*ASSIGNED TASK*
Return the lines below that contain the word "have".

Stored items
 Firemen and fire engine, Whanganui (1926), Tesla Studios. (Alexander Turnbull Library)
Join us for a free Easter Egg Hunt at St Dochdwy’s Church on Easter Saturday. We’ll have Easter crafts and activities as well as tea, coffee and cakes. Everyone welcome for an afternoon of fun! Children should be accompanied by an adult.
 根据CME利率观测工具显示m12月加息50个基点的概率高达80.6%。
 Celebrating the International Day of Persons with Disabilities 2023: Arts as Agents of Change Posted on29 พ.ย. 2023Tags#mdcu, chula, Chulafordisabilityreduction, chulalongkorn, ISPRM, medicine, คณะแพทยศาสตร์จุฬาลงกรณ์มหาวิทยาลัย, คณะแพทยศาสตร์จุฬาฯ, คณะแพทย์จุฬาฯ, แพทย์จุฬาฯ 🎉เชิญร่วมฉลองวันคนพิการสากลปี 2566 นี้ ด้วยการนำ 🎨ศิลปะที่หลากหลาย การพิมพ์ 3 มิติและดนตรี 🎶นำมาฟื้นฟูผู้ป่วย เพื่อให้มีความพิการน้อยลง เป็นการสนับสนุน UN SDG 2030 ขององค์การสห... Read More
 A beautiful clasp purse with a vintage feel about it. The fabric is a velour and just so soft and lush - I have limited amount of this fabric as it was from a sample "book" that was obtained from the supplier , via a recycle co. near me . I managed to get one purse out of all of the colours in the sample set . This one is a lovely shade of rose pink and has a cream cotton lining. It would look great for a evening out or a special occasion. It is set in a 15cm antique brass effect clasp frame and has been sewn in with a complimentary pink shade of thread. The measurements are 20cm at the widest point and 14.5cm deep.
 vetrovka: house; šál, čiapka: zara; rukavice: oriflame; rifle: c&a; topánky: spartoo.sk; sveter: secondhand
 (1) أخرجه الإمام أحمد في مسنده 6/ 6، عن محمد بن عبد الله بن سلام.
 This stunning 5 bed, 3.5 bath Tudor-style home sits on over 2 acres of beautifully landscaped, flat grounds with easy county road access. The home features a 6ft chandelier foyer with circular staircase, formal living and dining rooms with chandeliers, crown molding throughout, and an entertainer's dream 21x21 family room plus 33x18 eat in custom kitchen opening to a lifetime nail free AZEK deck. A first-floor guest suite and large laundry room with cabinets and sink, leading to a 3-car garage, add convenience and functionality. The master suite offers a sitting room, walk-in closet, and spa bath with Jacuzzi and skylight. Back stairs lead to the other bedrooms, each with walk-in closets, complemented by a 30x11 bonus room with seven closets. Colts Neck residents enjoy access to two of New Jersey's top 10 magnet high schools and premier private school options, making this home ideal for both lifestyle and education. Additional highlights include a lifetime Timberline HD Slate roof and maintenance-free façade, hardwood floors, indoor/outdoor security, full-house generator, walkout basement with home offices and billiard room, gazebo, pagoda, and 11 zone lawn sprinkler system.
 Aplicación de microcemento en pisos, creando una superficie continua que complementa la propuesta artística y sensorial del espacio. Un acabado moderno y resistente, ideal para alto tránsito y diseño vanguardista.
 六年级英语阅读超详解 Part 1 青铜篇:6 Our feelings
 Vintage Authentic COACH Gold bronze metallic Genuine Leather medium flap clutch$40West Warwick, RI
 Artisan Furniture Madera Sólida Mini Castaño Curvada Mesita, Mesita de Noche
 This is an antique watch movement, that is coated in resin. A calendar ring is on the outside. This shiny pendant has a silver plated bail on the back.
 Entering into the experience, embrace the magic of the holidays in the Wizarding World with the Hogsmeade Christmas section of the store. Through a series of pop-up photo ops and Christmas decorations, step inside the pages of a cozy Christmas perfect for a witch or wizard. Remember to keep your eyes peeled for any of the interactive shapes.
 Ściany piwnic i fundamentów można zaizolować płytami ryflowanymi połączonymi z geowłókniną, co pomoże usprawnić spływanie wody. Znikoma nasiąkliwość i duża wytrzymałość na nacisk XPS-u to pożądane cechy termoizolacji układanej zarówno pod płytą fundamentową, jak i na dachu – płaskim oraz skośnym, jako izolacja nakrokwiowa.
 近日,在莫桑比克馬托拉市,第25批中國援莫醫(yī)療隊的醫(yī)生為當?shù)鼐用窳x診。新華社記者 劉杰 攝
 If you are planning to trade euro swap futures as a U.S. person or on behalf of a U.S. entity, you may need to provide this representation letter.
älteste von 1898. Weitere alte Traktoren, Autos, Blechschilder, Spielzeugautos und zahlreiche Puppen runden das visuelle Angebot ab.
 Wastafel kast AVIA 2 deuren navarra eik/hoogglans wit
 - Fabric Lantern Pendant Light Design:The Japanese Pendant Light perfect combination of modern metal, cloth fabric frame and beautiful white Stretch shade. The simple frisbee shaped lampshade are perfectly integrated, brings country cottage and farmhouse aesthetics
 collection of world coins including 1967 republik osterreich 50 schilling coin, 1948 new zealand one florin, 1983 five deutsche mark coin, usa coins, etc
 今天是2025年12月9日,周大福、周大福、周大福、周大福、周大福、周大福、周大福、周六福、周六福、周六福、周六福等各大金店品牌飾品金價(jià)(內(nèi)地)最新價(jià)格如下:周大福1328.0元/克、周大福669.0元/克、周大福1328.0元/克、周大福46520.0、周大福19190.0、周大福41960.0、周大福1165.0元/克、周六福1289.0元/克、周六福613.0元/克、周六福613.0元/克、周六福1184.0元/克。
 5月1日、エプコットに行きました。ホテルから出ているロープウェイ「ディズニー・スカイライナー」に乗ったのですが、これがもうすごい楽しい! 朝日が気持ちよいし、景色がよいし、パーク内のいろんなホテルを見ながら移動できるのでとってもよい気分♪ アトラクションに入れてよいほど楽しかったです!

*TASK RESPONSE*
Join us for a free Easter Egg Hunt at St Dochdwy’s Church on Easter Saturday. We’ll have Easter crafts and activities as well as tea, coffee and cakes. Everyone welcome for an afternoon of fun! Children should be accompanied by an adult.
 A beautiful clasp purse with a vintage feel about it. The fabric is a velour and just so soft and lush - I have limited amount of this fabric as it was from a sample "book" that was obtained from the supplier , via a recycle co. near me . I managed to get one purse out of all of the colours in the sample set . This one is a lovely shade of rose pink and has a cream cotton lining. It would look great for a evening out or a special occasion. It is set in a 15cm antique brass effect clasp frame and has been sewn in with a complimentary pink shade of thread. The measurements are 20cm at the widest point and 14.5cm deep.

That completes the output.